When it comes to taxation, you should not see a pension contribution as a means of reducing your tax bill, but as extra or free cash to be added to the fund.  Every year I put the amount I have saved on taxes as a result of my pension contributions  into a retirement savings account, because this puts me up 20% on day one (our tax relief is not so high).

Along similar lines, I don't see a down turn in the markets as a reason to stop or reduce my contributions, it just means that at the moment my contributions allows me to buy more stocks/bonds/funds or what ever than I could a few years ago.  The only word of caution here is to ensure that you have a well balanced portfolio.

As for government levies, it happens all over Europe, so why should Ireland be any different?  And in any case the amount involved is peanuts when compared to the amount you have already saved in taxes.  It certainly is no reason to stop contributing to your pension fund.

And when it comes to taxation on retirement, I've no idea what the tax rules will be then, but I know that I'd prefer to have the problem than not to have the pension, thank you very much!

Regards,

Jim2007


----------



## serotoninsid (11 Sep 2011)

Jim2007 said:


> As for government levies, it happens all over Europe, so why should Ireland be any different?


Wasn't aware of this.  What other euro countries have levied pensions?  I *think* that they tried this in Latvia but had to reverse it as it was deemed to be unconstitutional..


----------



## DerKaiser (12 Sep 2011)

Jim2007 said:


> Every year I put the amount I have saved on taxes as a result of my pension contributions  into a retirement savings account, because this puts me up 20% on day one (our tax relief is not so high).



Being honest, I wouldn't be at all confident that pensions savings is the right thing when you only get 20% tax relief (as a general rule as opposed to for specific cases).

If you're getting 41% tax relief and your contributions are relatively modest the tax relief is a very good bonus even if you end up paying some tax on your retirement income.

If you're only getting 20% relief then the levy (if extended beyond the 4 years) would erode a large chunk of this, and you could easily end up paying tax on your retirement proceeds.

At 20% relief you'd want to be nearish retirement, be absolutely sure you wouldn't need access to your money before retirement and be confident that your retirement proceeds are modest enough not to pay income tax in retirement.


----------



## Jim2007 (12 Sep 2011)

serotoninsid said:


> Wasn't aware of this.  What other euro countries have levied pensions?  I *think* that they tried this in Latvia but had to reverse it as it was deemed to be unconstitutional..

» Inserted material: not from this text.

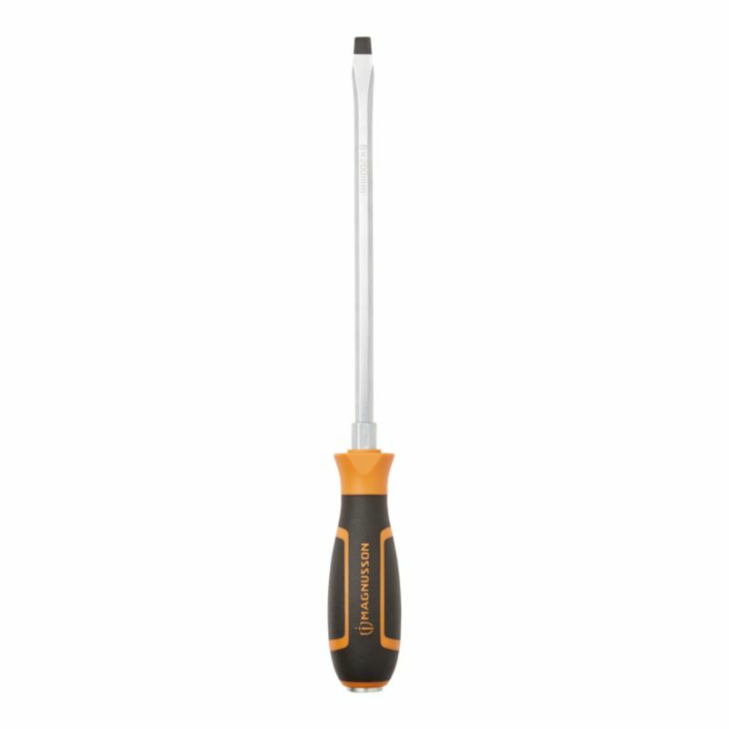 Wkrętak płaski Magnusson to niezawodne narzędzie, które sprawdzi się doskonale podczas wszelkich prac warsztatowych i majsterkowania. Dzięki ergonomicznemu uchwytowi zapewnia komfortową pracę, a wytrzymały i trwały grot doskonale sprawdza się nawet w najcięższych warunkach. Jego uniwersalne zastosowanie pozwoli Ci szybko i precyzyjnie wykonać wszelkie prace montażowe i naprawcze. Niezastąpiony element wyposażenia każdego majsterkowicza.

Government charges come in many kinds, but the most often is "one of" taxes on the results of the pension fund, except that it is become more frequent.  I know that the same has been done in Denmark, Sweden and Italy.

Then there was a while that employer contributions were being taxes as benefits in kind.

This kind of thing must be expected, but like I said, don't let it distract you from the goal.

Jim.


----------



## Jim2007 (14 Sep 2011)

DerKaiser said:


> Being honest, I wouldn't be at all confident that pensions savings is the right thing when you only get 20% tax relief (as a general rule as opposed to for specific cases).
> 
> If you're getting 41% tax relief and your contributions are relatively modest the tax relief is a very good bonus even if you end up paying some tax on your retirement income.
> 
> ...



Remember the objective.... collect as much cash as possible, if I pass on the 20% and get taxed on the savings income (which I don't in the pension fund), what to I do then, invest in higher risk asset classes to try and regain what I passed on???  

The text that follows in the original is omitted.